Twitter Inc: Earnings Turn Into a Lousy Anniversary for TWTR


Nearly a year ago, Twitter Inc (TWTR) stock hit the public markets, surging 72% on its first day of trading came public, and within a couple of months, it hit all-time highs of $74.

Twitter stock TWTRWell, TWTR isn’t going to see those numbers again anytime soon. Certainly not after Twitter’s third-quarter earnings report.
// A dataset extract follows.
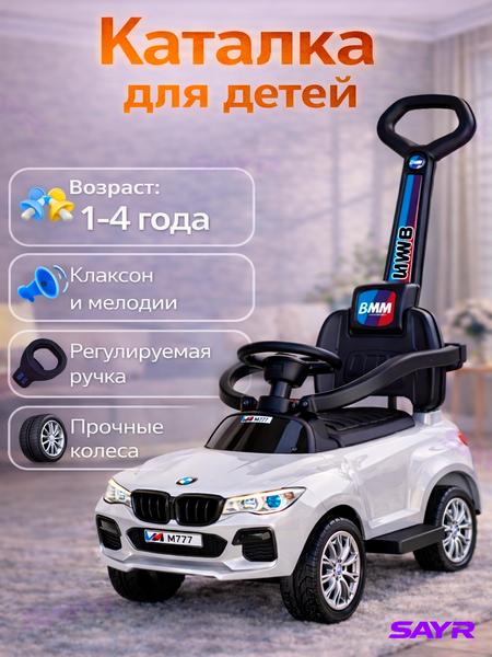 Детская каталка — это удобная и безопасная машинка-толокар, предназначенная для детей в возрасте от 1 до 4 лет. Она помогает малышу развивать координацию движений, моторику и чувство равновесия, а также делает прогулки и игры более интересными и активными. Каталка оснащена удобным сиденьем со спинкой, которое обеспечивает комфортную посадку ребёнка. Высокая и прочная спинка дополнительно поддерживает спину малыша, снижая нагрузку во время катания. Регулируемая родительская ручка позволяет взрослым легко управлять движением каталки и контролировать ребёнка во время прогулки. Встроенный клаксон и музыкальные мелодии делают игру более увлекательной, привлекая внимание ребёнка и вызывая положительные эмоции. Прочные колёса обеспечивают устойчивость и плавный ход по ровным поверхностям, а также подходят для использования как в помещении, так и на улице. Каталка изготовлена из качественного и безопасного пластика, не содержащего вредных веществ. Конструкция устойчивая и надёжная, что делает использование безопасным для ребёнка. Яркий и современный дизайн в виде автомобиля понравится как детям, так и родителям. Детская каталка станет отличным подарком для малыша, подойдёт для ежедневных игр и поможет ребёнку активно проводить время, развиваясь через движение. Преимущества: подходит для детей от 1 до 4 лет удобное сиденье со спинкой клаксон и музыкальные мелодии прочные и устойчивые колёса безопасные материалы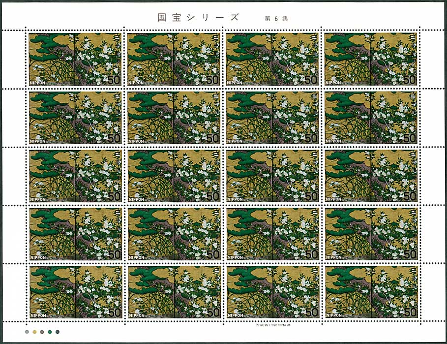 第1次国宝シリーズ 桃山時代 桧図(狩野永徳) 50円切手シート

TWTR shares are off roughly 10% in aftermarket trading Monday following what appeared to be solid earnings. Revenues more than doubled to $361 million, with mobile ads accounting for about 85% of the total. Twitter also saw lots of strength in foreign markets, with revenues up 176% to $121 million.

Twitter even posted a profit of 1 cent per share — not bad compared to the year-ago period’s 48 cents per share.

But it wasn’t enough to enthuse Wall Street.

That 1 cent per share in earnings merely met the consensus estimate, and while revenues beat the Street, it was only by about $10 million.

Moreover, guidance wasn’t any better, merely landing in range with expectations. Q4 revenues are forecast to hit a range of $440 million to $450 million, with analysts expecting revs of $448 million, so on the high end.

User growth of 23% (to 284 million) was strong, too, but this fell shy of an expected 288 million — and it’s questionable growth, as some of it may have come on a once-every-four-years bump from the World Cup … not efforts to improve the sign-up process or adding features.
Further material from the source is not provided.